A shell-and-tube heat exchanger with 2-shell passes and 8 -tube passes is used to heat ethyl alcohol \(\left(c_{p}=2670 \mathrm{~J} / \mathrm{kg} \cdot \mathrm{K}\right)\) in the tubes from \(25^{\circ} \mathrm{C}\) to \(70^{\circ} \mathrm{C}\) at a rate of \(2.1 \mathrm{~kg} / \mathrm{s}\). The heating is to be done by water \(\left(c_{p}=4190 \mathrm{~J} / \mathrm{kg} \cdot \mathrm{K}\right)\) that enters the shell side at \(95^{\circ} \mathrm{C}\) and leaves at \(45^{\circ} \mathrm{C}\). If the overall heat transfer coefficient is \(950 \mathrm{~W} / \mathrm{m}^{2} \cdot \mathrm{K}\), determine the heat transfer surface area of the heat exchanger.
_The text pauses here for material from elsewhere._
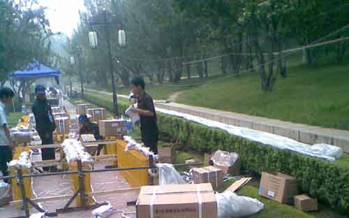 8月8號,早6時30分,負責安裝煙花的工人來到了現場,開始對煙花進行安裝調試。在安裝調試的過程中,出現了一個問題,由于現場有很多樹,部分樹枝可能會阻擋煙花發現的路徑,導致煙花不能正常發射,甚至造成火災。為了防止這種事故的發生,消防官兵對發射炮一一的做了檢查,認真計算其發現的軌道,盡量避免在發射軌道中出現樹枝等阻擋物。如果遇到實在不能避免的樹枝,即迅速與當地相關人員聯系,給與解決。通過大家的統統努力,所有的煙花在8月8號上午11點50分完成了安裝調試。到這時,消防官兵已經連續工作了15個小時,但是消防官兵知道現在還不能休息,只有到煙花綻放在空中那一刻,才能真正地放下心來。

First, we need to determine the heat transfer rate of the ethyl alcohol, which can be found using the following formula: $$q = m_{alcohol} \cdot c_{p,alcohol} \cdot \Delta T_{alcohol}$$ where \(q\) is the heat transfer rate, \(m_{alcohol}\) is the mass flow rate of the ethyl alcohol, \(c_{p,alcohol}\) is the specific heat capacity of the ethyl alcohol, and \(\Delta T_{alcohol}\) is the temperature difference for the ethyl alcohol. Using the given values, we get: $$q = 2.1 \frac{\text{kg}}{\text{s}} \cdot 2670 \frac{\text{J}}{\text{kg} \cdot \text{K}} \cdot (70 ^\circ \text{C}-25 ^\circ \text{C})$$

Next, we need to find the heat transfer rate of the water, which can be calculated using the same formula as before: $$q = m_{water} \cdot c_{p,water} \cdot \Delta T_{water}$$ where \(m_{water}\) is the mass flow rate of the water, \(c_{p,water}\) is the specific heat capacity of the water, and \(\Delta T_{water}\) is the temperature difference for the water. We also know that the heat transfer rate of the water and the ethyl alcohol is supposed to be the same, so: $$m_{water} \cdot c_{p,water} \cdot \Delta T_{water} = m_{alcohol} \cdot c_{p,alcohol} \cdot \Delta T_{alcohol}$$ Rearranging the equation to solve for the mass flow rate of the water, we get: $$m_{water} = \frac{m_{alcohol} \cdot c_{p,alcohol} \cdot \Delta T_{alcohol}}{c_{p,water} \cdot \Delta T_{water}}$$

Now that we have the heat transfer rate, we can determine the required surface area of the heat exchanger. To do this, we will use the overall heat transfer coefficient \(U\) and the expression: $$q = U \cdot A \cdot \Delta T_{lm}$$ where \(A\) is the heat transfer surface area and \(\Delta T_{lm}\) is the logarithmic mean temperature difference between the two fluids in the exchanger. Since we have a 2-shell pass and 8-tube pass heat exchanger, we can assume that the flow is counter-current, meaning that the hot and cold fluids flow in opposite directions. To find the \(\Delta T_{lm}\), we need to calculate the inlet and outlet temperature differences: $$\Delta T_{inlet} = T_{Hin} - T_{Cin}$$ $$\Delta T_{outlet} = T_{Hout} - T_{Cout}$$ where \(T_{Hin}\) and \(T_{Hout}\) are the inlet and outlet temperatures of the hot fluid (water), and \(T_{Cin}\) and \(T_{Cout}\) are the inlet and outlet temperatures of the cold fluid (ethyl alcohol). Now we can determine the \(\Delta T_{lm}\) using: $$\Delta T_{lm} = \frac{\Delta T_{inlet} - \Delta T_{outlet}}{\ln(\frac{\Delta T_{inlet}}{\Delta T_{outlet}})}$$ Finally, we can find the required heat transfer surface area \(A\) using the formula: $$A = \frac{q}{U \cdot \Delta T_{lm}}$$ Once all the calculations are carried out, we will find the total heat transfer surface area of the shell-and-tube heat exchanger.